For the inductive case, we let a be an arbitrary letter, let v be an arbitrary string, assume P(v) (that score(cat(u,v)) = score(u) + score(v)) and set out to prove P(va) (that score(cat(u,va)) = score(u) + score(va). By the definition of cat, score(cat(u,va)) = score(cat(u,v)a). By the definition of score, this is score(cat(u,v)) + lab(a). By the IH, this is score(u) + score(v) + lab(a) = score(u) + [score(v) + lab(a)] which is score(u) + score(va) by the definition of score. We have proved P(va) from P(v) for arbitrary v and a, completing the string induction.

• (b,10) Write a recursive pseudo-Java method `scoreOf` that takes a string w and returns the score of w. You may assume that a method `lab` has already been defined as above. Do not worry about error handling, such as for invalid characters in w.

``````      public natural scoreOf (string w)
{// Returns Scrabble score of w as defined by lab
if (w == emptystring) return 0;
return scoreOf(allButLast(w)) + lab(last(w));}
``````

• (c,10) Argue that for any string w, your method in part (b) returns the score as defined above. (This will be a string induction.)

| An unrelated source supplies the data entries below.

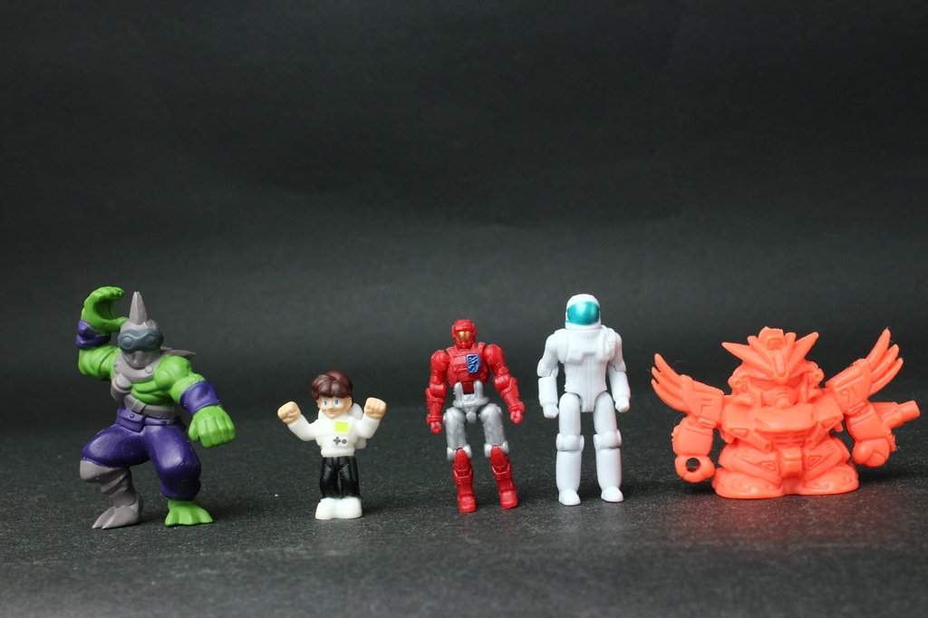 中央のダイアクロン隊員の右はマイクロウォーズのフィギュア。右端はガシャポン戦士です。
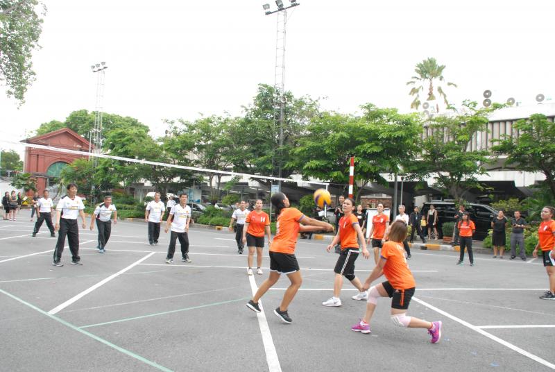 กำลังกายประกอบเพลงกราวกีฬาด้วย และในเวลา ๑๖.๓๐ นาฬิกา มีการแข่งขันกีฬาวอลเลย์บอลระหว่าง ทีมสมาชิก
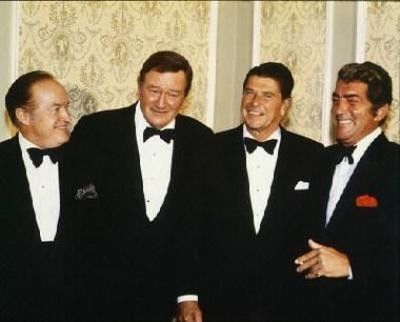 듀크라는 별명의 서부의 사나이 존 웨인. 아래의 사진은 레이건 대통령의 초청을 받아 백악관을 방문한 존웨인, 밥 호프, 딘 마틴. 이들은 모두 대통령과 환담을 나누었다는 자랑으로 그날 밤에 잠을 이루지 못했다고 한다. 그 전날 밤에는 백악관의 초청으로 대통령과 함께 오찬을 나누게 되었다는 생각으로 역시 잠을 못 이루었다고 한다.
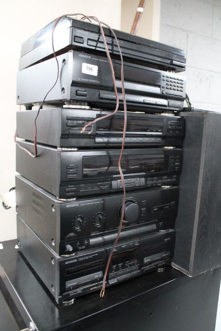 A Kenwood six piece stereo, pair of speakers and remote & waalking stick.
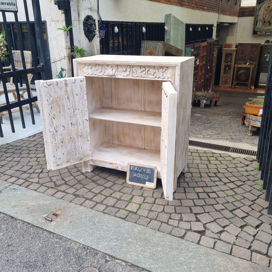 Affascinante mobiletto in stile vintage realizzato in legno naturale con finitura invecchiata. Caratterizzato da due ante munite di decorazioni intagliate e due ripiani interni funzionali, perfetto per aggiungere carattere e fascino retrò a qualsiasi ambiente. Le linee essenziali e i dettagli decorativi lo rendono ideale per arredamenti etnici e vintage.
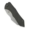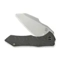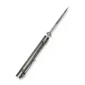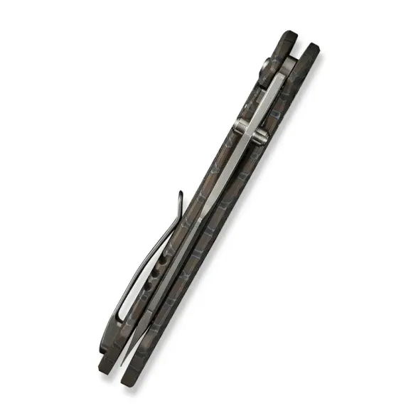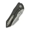 Рукоять ножа изготовлена из титана – прочного и лёгкого материала премиального класса. Её поверхность обработана вручную в технике Flamed Tiger Stripe с использованием газовой горелки, что придаёт уникальный внешний вид. Замок Frame-Lock обеспечивает высокий уровень надёжности и безопасности при использовании, делая этот нож функциональным и долговечным инструментом.

For the base case, we must show that the method returns the score of λ, which is defined to be 0, on input λ. This is true because the third line of the code checks for w = λ and returns 0 if it is.

For the inductive case, we let v be an arbitrary string, let a be an arbitrary letter, and assume that `scoreOf(v)` terminates and returns the correct score of v. Given these assumptions, we consider what happens when `scoreOf` is called with input va. We reach the last line, compute `allButLast(va)` to be v and `last(va)` to be a, and then return `scoreOf(v) + lab(a)`. By the IH, this is the correct score of v plus lab(a), and by the definition of score this is the correct score of va. So `scoreOf(va)` returns the correct answer and we have completed the string induction.